Exercise brief
Instruction for the entries below: return the part that opens with the line containing "Hamburger Lack-Profi 3" and closes with the line containing "para almirante, já", exactly, and no pictures.

Data listing
※

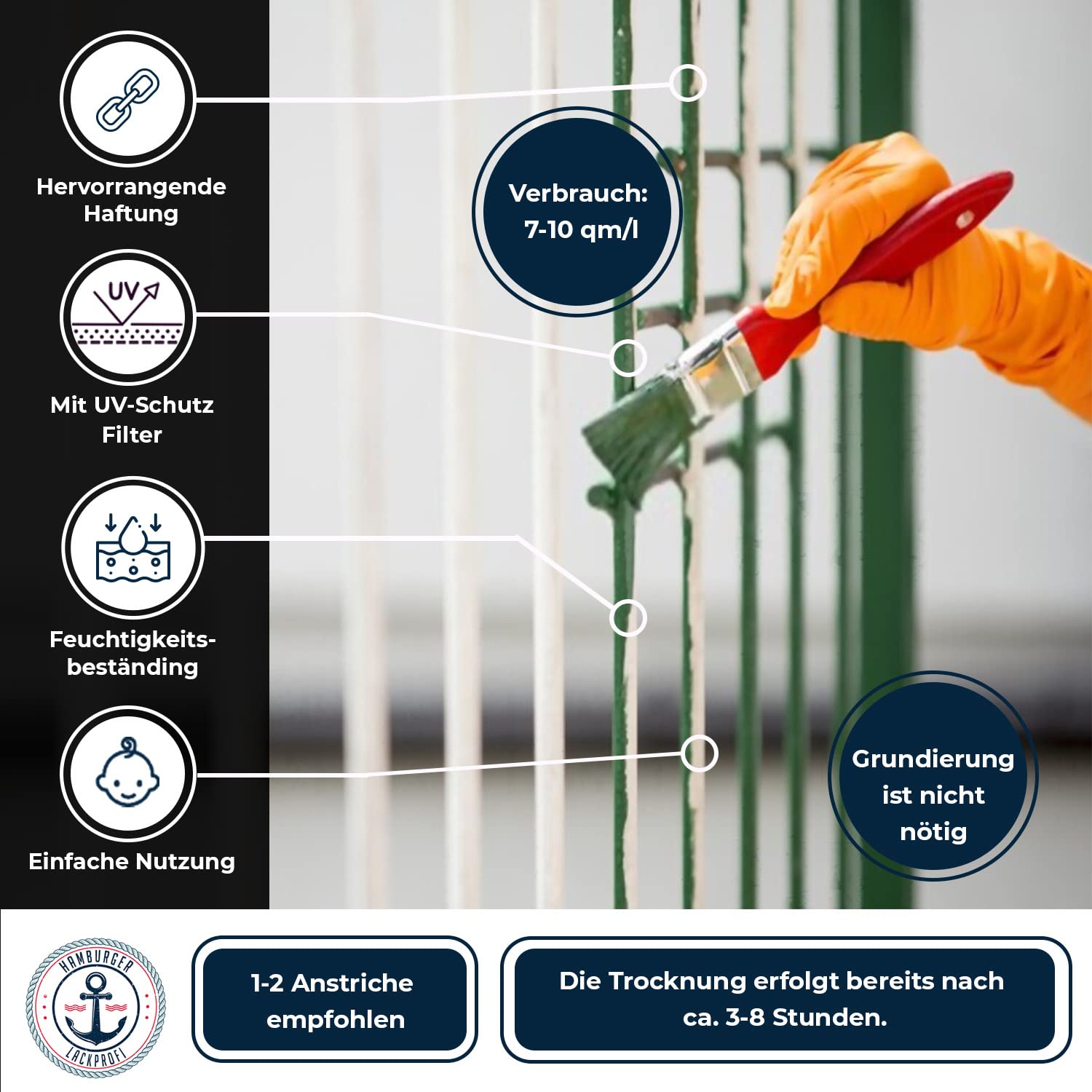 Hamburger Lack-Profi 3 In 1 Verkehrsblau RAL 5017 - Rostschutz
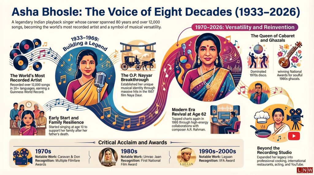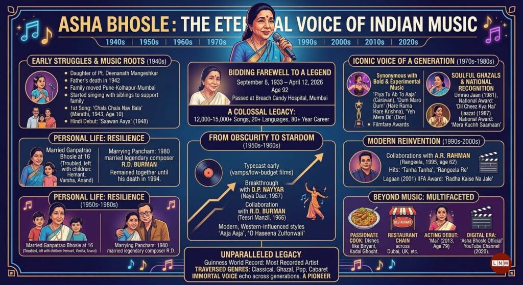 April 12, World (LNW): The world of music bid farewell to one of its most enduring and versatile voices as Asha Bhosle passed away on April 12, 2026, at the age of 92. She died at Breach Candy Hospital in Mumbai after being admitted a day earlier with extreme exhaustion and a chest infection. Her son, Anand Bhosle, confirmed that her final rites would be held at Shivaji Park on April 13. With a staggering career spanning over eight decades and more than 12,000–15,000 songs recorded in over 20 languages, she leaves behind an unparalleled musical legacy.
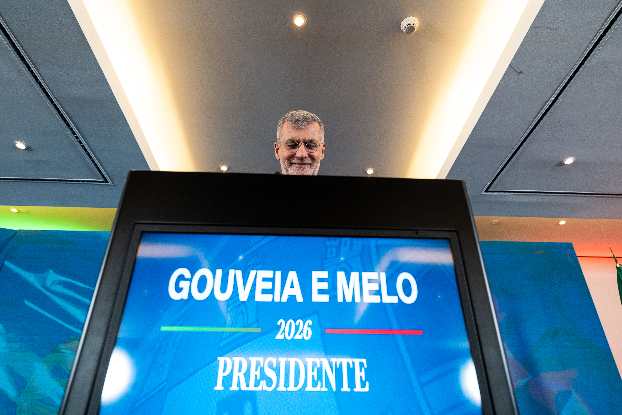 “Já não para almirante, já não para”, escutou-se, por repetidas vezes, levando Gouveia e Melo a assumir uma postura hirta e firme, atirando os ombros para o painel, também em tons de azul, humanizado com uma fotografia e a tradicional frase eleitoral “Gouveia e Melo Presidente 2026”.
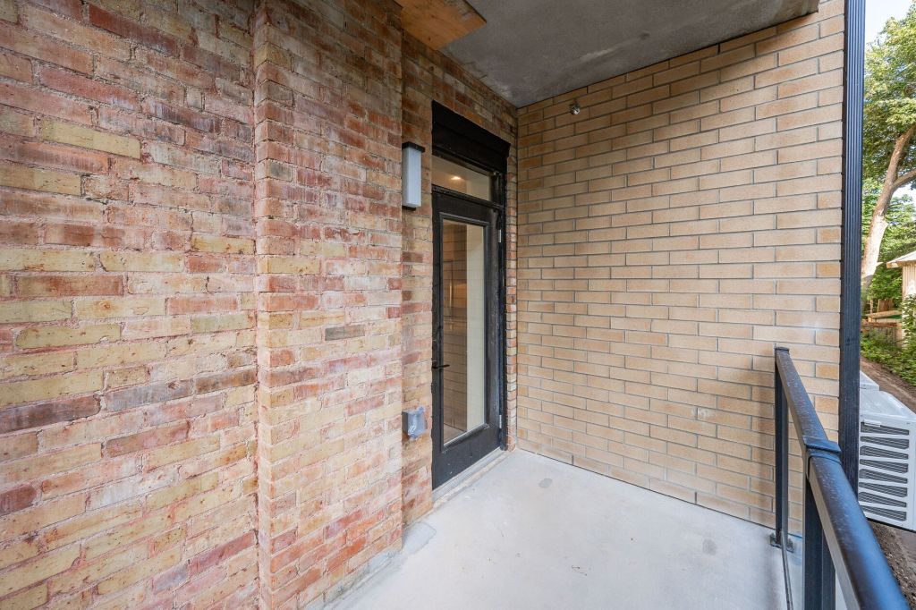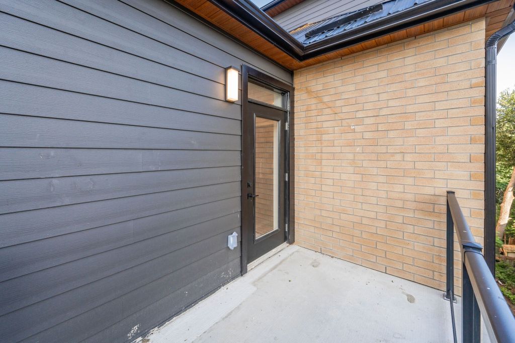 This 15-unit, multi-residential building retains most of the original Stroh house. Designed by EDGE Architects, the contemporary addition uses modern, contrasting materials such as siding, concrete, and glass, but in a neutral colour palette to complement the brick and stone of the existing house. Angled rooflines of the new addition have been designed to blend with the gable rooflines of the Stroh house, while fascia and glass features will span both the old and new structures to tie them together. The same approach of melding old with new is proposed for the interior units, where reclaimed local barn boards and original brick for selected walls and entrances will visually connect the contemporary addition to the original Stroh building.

※

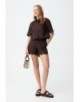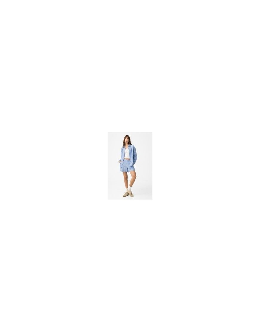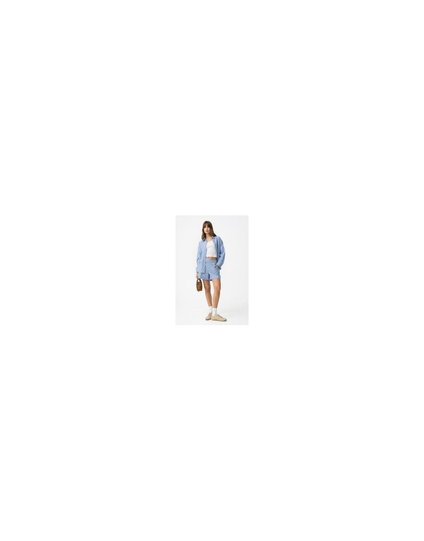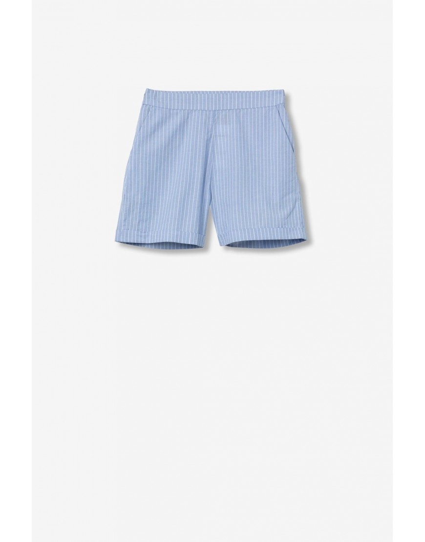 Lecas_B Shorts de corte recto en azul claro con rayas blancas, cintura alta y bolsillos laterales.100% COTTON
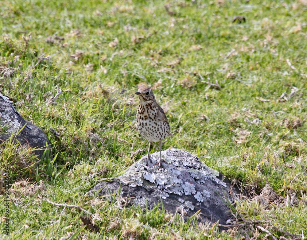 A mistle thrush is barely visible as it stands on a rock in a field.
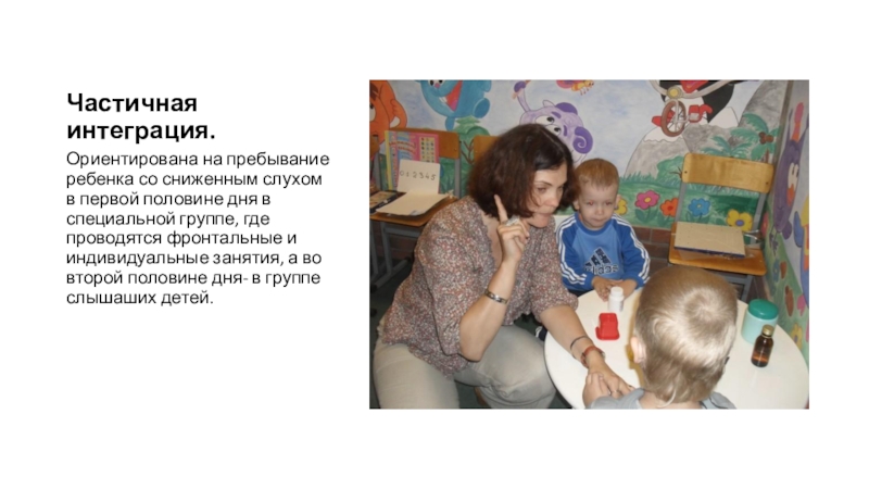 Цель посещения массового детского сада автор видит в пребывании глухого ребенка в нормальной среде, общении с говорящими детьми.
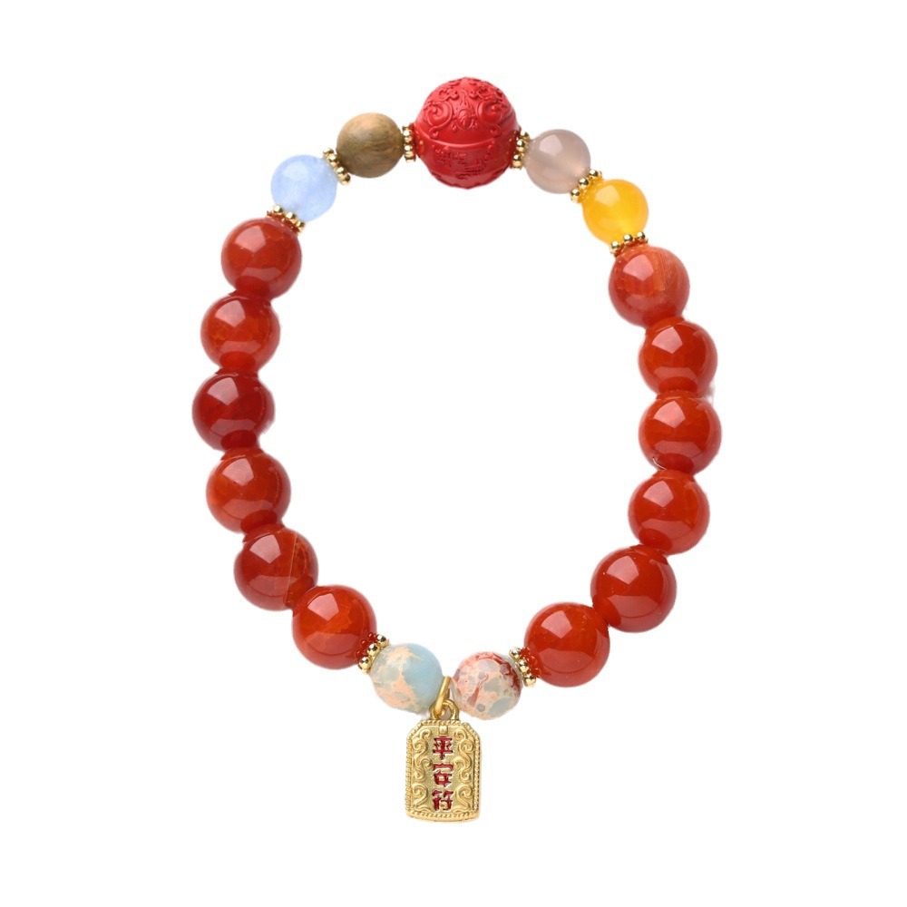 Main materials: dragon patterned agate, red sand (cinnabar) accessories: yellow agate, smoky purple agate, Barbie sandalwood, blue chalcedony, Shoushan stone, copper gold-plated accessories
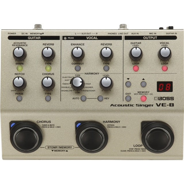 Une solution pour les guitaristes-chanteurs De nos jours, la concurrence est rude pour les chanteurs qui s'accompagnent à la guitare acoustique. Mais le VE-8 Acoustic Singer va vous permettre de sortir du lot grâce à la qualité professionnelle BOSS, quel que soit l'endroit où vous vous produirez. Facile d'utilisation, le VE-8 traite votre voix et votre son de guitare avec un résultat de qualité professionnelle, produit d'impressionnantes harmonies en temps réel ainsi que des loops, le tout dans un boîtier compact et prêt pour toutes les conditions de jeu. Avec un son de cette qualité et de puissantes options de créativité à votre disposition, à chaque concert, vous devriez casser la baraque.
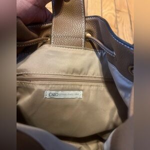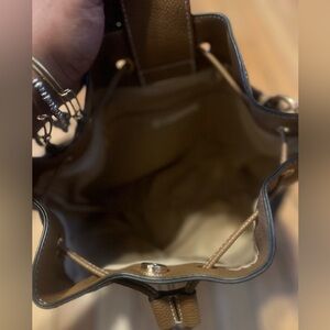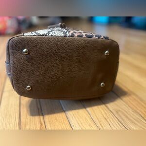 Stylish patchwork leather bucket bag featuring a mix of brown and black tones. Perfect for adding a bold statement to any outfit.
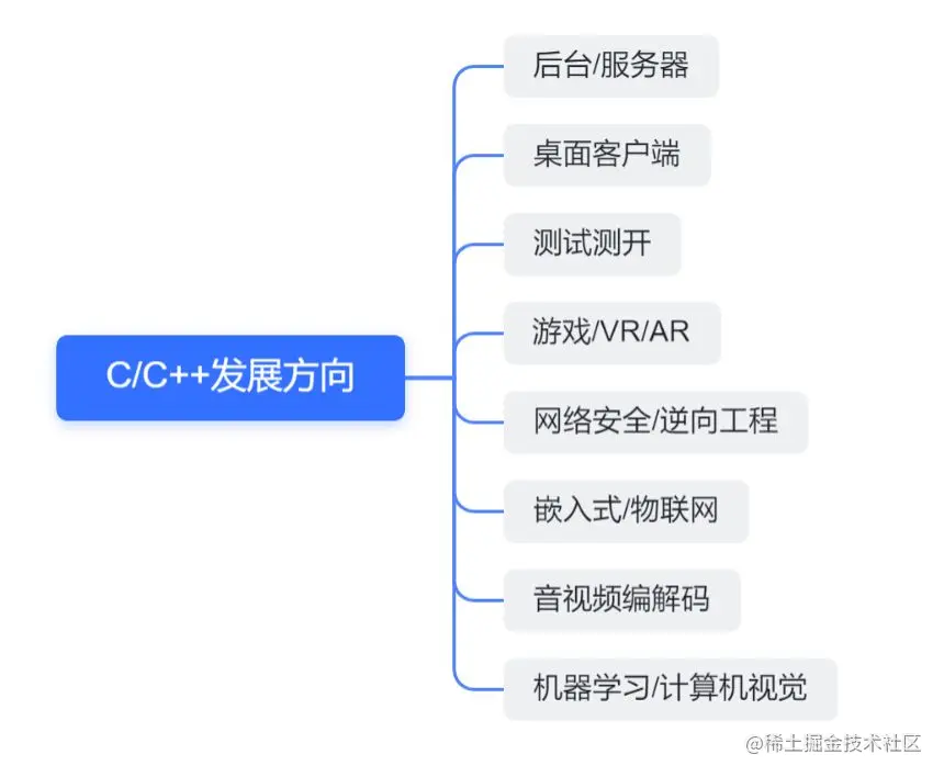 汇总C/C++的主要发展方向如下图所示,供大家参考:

※

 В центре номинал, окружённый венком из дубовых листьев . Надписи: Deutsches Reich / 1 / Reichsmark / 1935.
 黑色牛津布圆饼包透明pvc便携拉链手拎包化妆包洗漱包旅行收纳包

※

Answer box
 Hamburger Lack-Profi 3 In 1 Verkehrsblau RAL 5017 - Rostschutz
 April 12, World (LNW): The world of music bid farewell to one of its most enduring and versatile voices as Asha Bhosle passed away on April 12, 2026, at the age of 92. She died at Breach Candy Hospital in Mumbai after being admitted a day earlier with extreme exhaustion and a chest infection. Her son, Anand Bhosle, confirmed that her final rites would be held at Shivaji Park on April 13. With a staggering career spanning over eight decades and more than 12,000–15,000 songs recorded in over 20 languages, she leaves behind an unparalleled musical legacy.
 “Já não para almirante, já não para”, escutou-se, por repetidas vezes, levando Gouveia e Melo a assumir uma postura hirta e firme, atirando os ombros para o painel, também em tons de azul, humanizado com uma fotografia e a tradicional frase eleitoral “Gouveia e Melo Presidente 2026”.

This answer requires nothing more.